It is no surprise that police in the United Kingdom consider the prevention of domestic homicide a top priority. The London Metropolitan Police Service (MPS) is the UK’s largest police force that is estimated to respond to 25 cases of domestic homicide per year (see supplemental materials for estimate computation)9,10. With each case costing £2.2 million2, these domestic homicide cases translate to an annual loss of £55 million, and they also inflict profound psychological damage on those affected by the homicide3,4,5.

Unsurprisingly, the MPS has a demonstrated interest in preventing domestic homicide, and they have attempted to do so via forecasting. Forecasting is often the first step in crime prevention11; it involves predicting who will commit a crime so that police can attempt to stop them, and it typically demands access to a large amount of data. To implement forecasting, the MPS has amassed a rich internal dataset of domestic abuse cases as well as a risk assessment system. Unfortunately, the MPS’s current forecasting procedure has been deemed weak (P. Neyroud, pers. comm., May 25, 2023), and calls are made to identify alternative, more advanced prediction instruments based on artificial intelligence12.

Machine learning can be used to create these prediction instruments.
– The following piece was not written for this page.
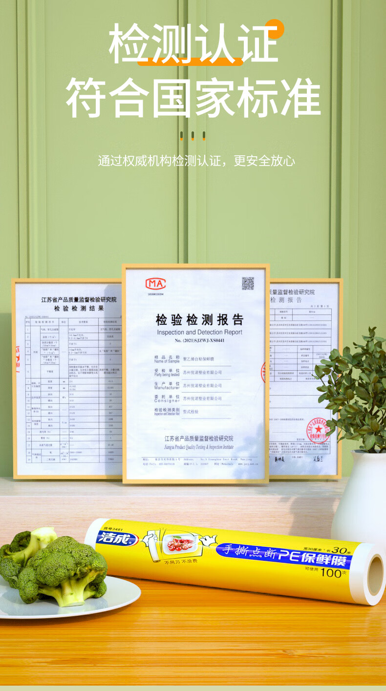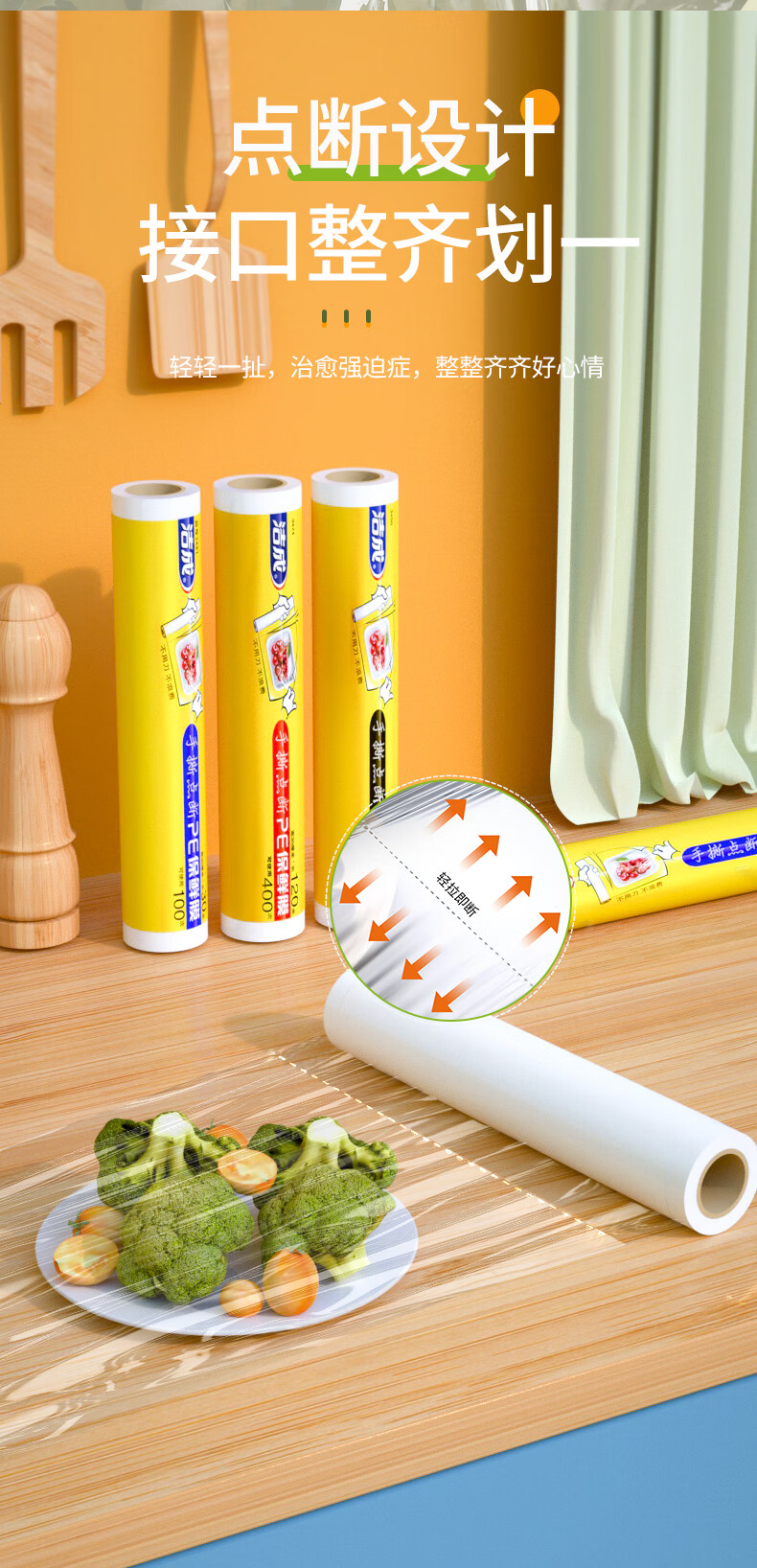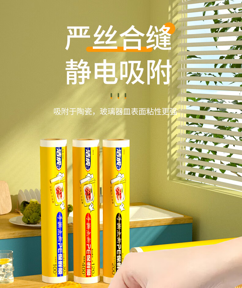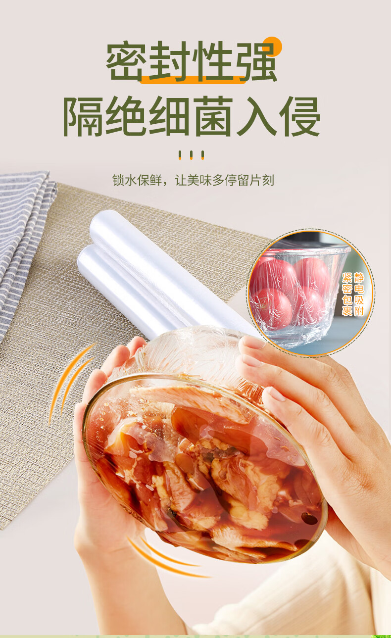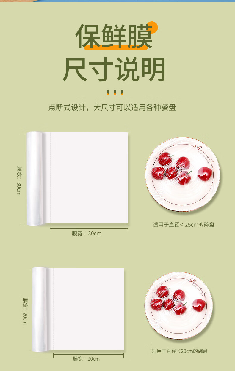 Jiecheng food grade cling film breakpoint large roll easy to tear refrigerator microwave oven 30cm*120 meters can be peeled 400 times

Specifically, machine learning is a branch of artificial intelligence in which the computer learns patterns in data13. It has shown great promise in multiple criminal justice studies14,15,16,17,18, including domestic abuse19, and it has a demonstrated history of producing valid forecasting instruments20. Can the MPS—or police departments globally—use machine learning to improve the forecasting accuracy of domestic homicide? This question is presently unanswered.

This paper aims to investigate the utility of machine learning in domestic homicide forecasting using existing police records. Specifically, the article applies innovations from machine learning—the implementation of a “super learner”—to the MPS’s domestic abuse dataset to illustrate its utility in forecasting domestic homicides. To further illustrate its utility, the performance of the super learner will be compared to the performance of the MPS’s current risk-rating system, as well as the performance of two other state-of-the-art domestic homicide forecasting tools: the Lethality Assessment Programme and the Danger Assessment (see supplemental materials for review)21,22,23. This super learner’s implementation may therefore help police across the globe detect domestic homicides before they turn fatal, using their own data, thereby preventing them and mitigating this costly and insidious crime. It may also replicate earlier findings on super learning, a type of ensemble learning, illustrating how it can be applied to this new type of dataset.

Results

Super learner outperforms all individual machine learning models

The super learner ensemble should be able to either outperform or perform just as well as any individual machine learning model that went into its construction24,25. To test this assertion, the performance of the entire super learner was compared to the performance of all the individual models used to construct it, and the results appear in Table 1. This assertion was upheld: the super learner was the single best-performing model on the MPS dataset, producing an AUC score of 0.7104, whereas the next best-performing model produced an AUC score of 0.6681.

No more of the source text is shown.